■ BRIEF:
Leave every image out, and return the rest of the data word for word.

■ PROVIDED DATA:
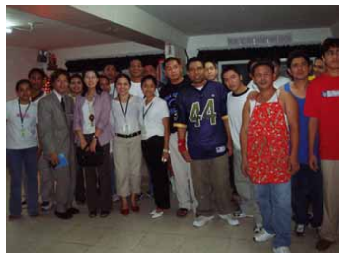
コクーン・ファウンデーションの仲間たち
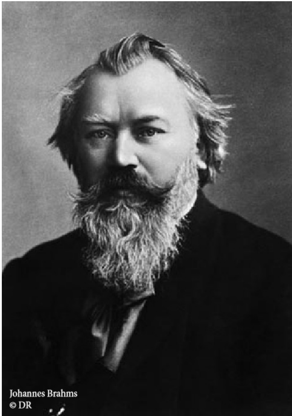
Иоганнес Брамс (1833-1897)

В 2009 году, блестяще дебютировав с Национальным молодежным оркестром Великобритании, он стал главным дирижером коллектива и оставался на этом посту до 2013 года. С Ливерпульским филармоническим и Национальным молодежным оркестром Великобритании дирижер неоднократно участвовал в фестивале BBC Proms. С сезона 2013/14 Петренко занимает должность главного дирижера Филармонического оркестра Осло (Норвегия).
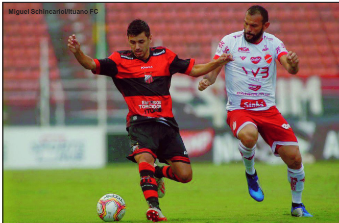
Vila Nova-GO ficou com a última vaga para a Série B

■ EXERCISE ANSWER:
コクーン・ファウンデーションの仲間たち
Иоганнес Брамс (1833-1897)

В 2009 году, блестяще дебютировав с Национальным молодежным оркестром Великобритании, он стал главным дирижером коллектива и оставался на этом посту до 2013 года. С Ливерпульским филармоническим и Национальным молодежным оркестром Великобритании дирижер неоднократно участвовал в фестивале BBC Proms. С сезона 2013/14 Петренко занимает должность главного дирижера Филармонического оркестра Осло (Норвегия).
Vila Nova-GO ficou com a última vaga para a Série B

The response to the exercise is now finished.